Ночью из дощаника выбрался до ветра один из новичков, по фамилии Савченко, – бывший фронтовик, бывший начальник финотдела, а до войны – главный бухгалтер большого строительного треста в Киеве.

Савченко уже успел засветиться тем, что во рту у него золотых зубов было больше, чем положено по законам анатомии – во всяком случае, больше отведенных по штату тридцати двух штук. Когда Савченко открывал рот, воздух над колонной начинал дорого светиться, подрагивал, будто живой, – это играли, пронзали воздух лучиками зубы. Очень хорош был золотой рот бывшего дивизионного начфина.
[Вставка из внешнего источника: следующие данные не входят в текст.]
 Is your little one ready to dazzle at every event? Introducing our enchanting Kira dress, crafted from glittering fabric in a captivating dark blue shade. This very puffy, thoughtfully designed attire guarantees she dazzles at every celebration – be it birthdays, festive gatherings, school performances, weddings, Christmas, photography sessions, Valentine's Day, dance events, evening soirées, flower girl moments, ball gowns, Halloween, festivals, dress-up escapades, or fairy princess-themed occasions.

Очнувшись на улице, на комариной прохладе, Савченко потянулся, шлепнул себя ладонью по шее, в которую не замедлили вгрызться сразу два десятка комаров, покосился на странные зарницы, возникшие в небе, очень похожие на северное сияние. Но какое северное сияние может быть летом? Это явление зимнее, морозное… Савченко поморщился и неожиданно скорчился от боли, пробившей его тело до земли. Из глаз полетели электрические брызги, в ушах возник грохот, разом прорвавший ему барабанные перепонки. Ноги у Савченко прогнулись, он пополз вниз. Из темноты выскочили сразу трое, подхватили беспамятного зека за руки, за ноги и потащили за угол дощаника.

Никто из «политиков» не заметил, что Савченко исчез. Был человек и не стало его, а вот что с ним произошло конкретно, никто не мог пояснить. Исчез зек Савченко и все – сквозь землю провалился. Сгорел. Растаял в воздухе.
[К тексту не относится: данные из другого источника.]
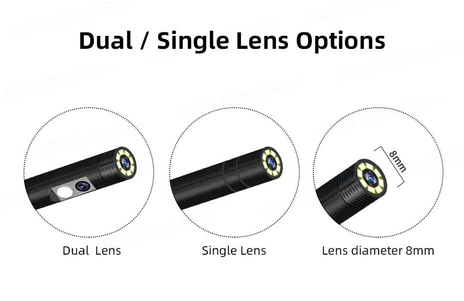 • Камера с двумя объективами:Промышленная эндоскопическая Инспекционная камера KERUI с двумя объективами и экраном IP67 Водонепроницаемый портативный цифровой видеобороскоп Snake 1080P имеет две линзы, которые обеспечивают четкие и детальные изображения места инспекции.

Оглушенный Савченко так и не очнулся. Даже во время мучительной операции, которой его подвергли. Поскольку старого пахана уже не было, – лежал под плотным земляным пластом, утрамбованным гусеницами бульдозера, – управлял уголовным дощаником другой человек – по прозвищу Квелый. Бровастый, с крупным красным носом и тяжелой нижней челюстью мужик, совсем не производящий впечатления квелого овоща. Это был живчик, способный заниматься многими делами сразу.

В одну минуту он делал столько движений, сколько могут совершить не менее трех человек, вместе взятых.

Своих подопечных, тащивших Савченко, Квелый встретил у дверей дощаника.

Подцепил пальцами голову Савченко за подбородок, приподнял. Вгляделся в лицо:

– Он!

– Не ошибся, Квелый? – завертел хвостом, зашестерил около пахана Сявка – малый, находившийся у нового «руководителя» на подхвате.

Квелый «шестерку» не слушал, проговорил тяжело, словно давил зубами твердые хлебные зерна, размалывал их в муку.

– Тащите его в подсобку, барак поганить не будем.

Неувертливое тело Савченко развернули головой на новый курс, затащили в небольшой крепкий сарай, прилаженный к основному помещению. Там хранили разный мусор, который должен каждый день находиться под рукой – может понадобиться в любую минуту – метлы, лопаты, тряпки, сломанные табуретки и скамейки.

– Кладите его на пол, – велел Квелый, ткнул пальцем перед собой, показывая, куда надо положить Савченко, – разверните поудобнее, чтобы он ногами не дергал – не то заедет кому-нибудь по роже. И свет сюда… Дайте сюда свет!

Сявка поспешно приволок в подсобку фонарь, поднял его над головой, осветил зеков.

– Начали! – почти торжественным тоном объявил Квелый. Совсем как в театре.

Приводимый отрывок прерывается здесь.